Saturday, January 11, 2003

oh yeah? What's the point? Is it that toward which our path recedes as it digs into the horizon?

Called my mother this morning. Dutifully. I was fine with it in a way I haven't been when she's called repeatedly during the week. She wants me to want to call her Saturday morning. I can't remember a thing she said. Except that it made her feel good that I called.

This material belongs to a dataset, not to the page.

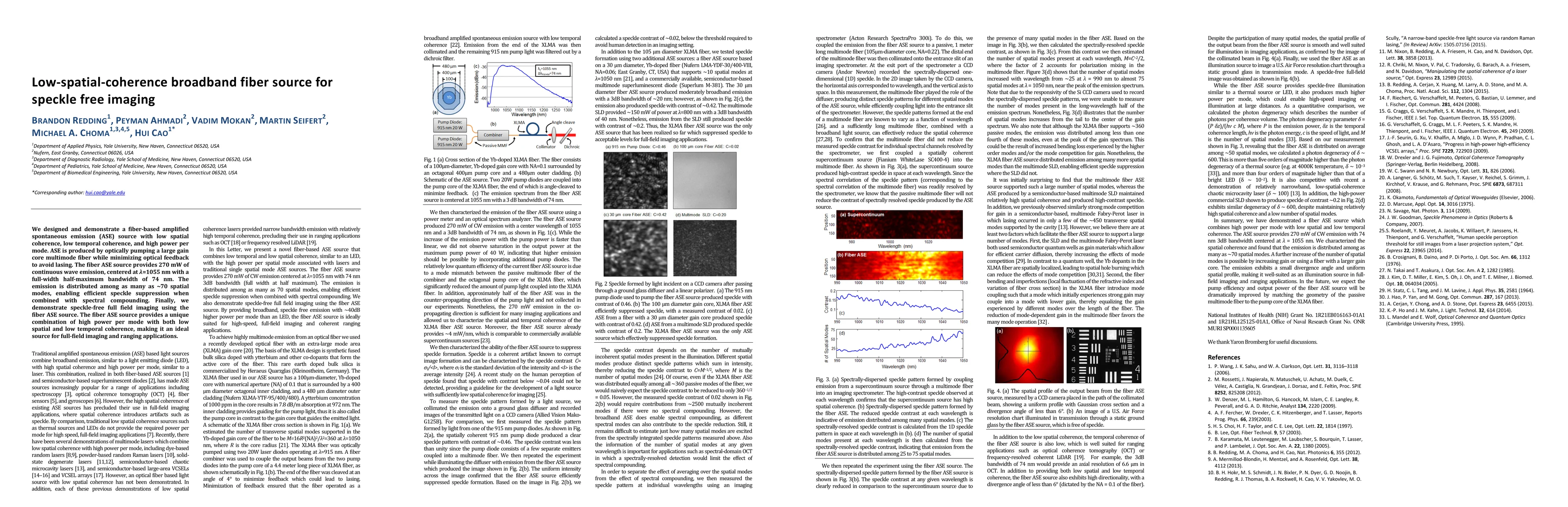 This paper presents a fiber-based amplified spontaneous emission (ASE) source with low spatial and temporal coherence, achieving 270 mW of continuous wave emission at 1055 nm. The design enables speckle suppression and demonstrates speckle-free full field imaging, making it suitable for imaging and ranging applications.

Went last night to the home of Clive Matson and Gail Ford. 2nd Friday of every month they host a Poetry Salon ... they now call it a Poetry Saloon, though there's never been a bar that I've seen ... A nice group of people. You read a couple poems by some poet you've lately been reading. Read a couple of your own. No critiquing. Sometimes applause. I read a short poem by W.B. Yeats and another shortie by Tristan Tzara; read one I'd written about my mother and one I'd written in response to Joan Crawford's Sudden Fear. Nice to have an audience. I got there late. During the break. So I put a teabag in a cup, poured hot water over it, and chatted with a person or two. Martin fumed, as seems to be typical for him, this time about "tourists" (he spat the word) who travel the world and come back exactly the same. "Why bother travelling if you're not going to learn anything?" We were talking about another poet, one neither of us thinks is very good, Martin more willing to listen than I, except, he says, when she reads poems about how great it is to live in Paris or Athens or wherever. "Maybe I'm just bitter because I've never been anywhere," Martin said. He shrugged. "But when I hear poems like that I just tune out." The whole thing about how stupid people are. Sure. "Some people live forever in one place and never learn a thing about it," I said. "They might as well have travelled the world."

Gail read poems that consisted mainly of conversations with her six year old. I liked them. Not sentimental, rather recording what had been said. And they were about death! The death of Gail's mother, the illness of an aged cat. After the boy had said, matter-of-factly it seemed, that it was time for "your" mother to die, "not his grandmother", Gail talks about meeting an older woman in a grocery store. When the woman moves on, Ezra says to Gail, "Why does everyone keep leaving?"

Yes, there was one man who reads in a monotone over-written paragraphs that he seems to think deep and important. After the first sentence I heard nothing.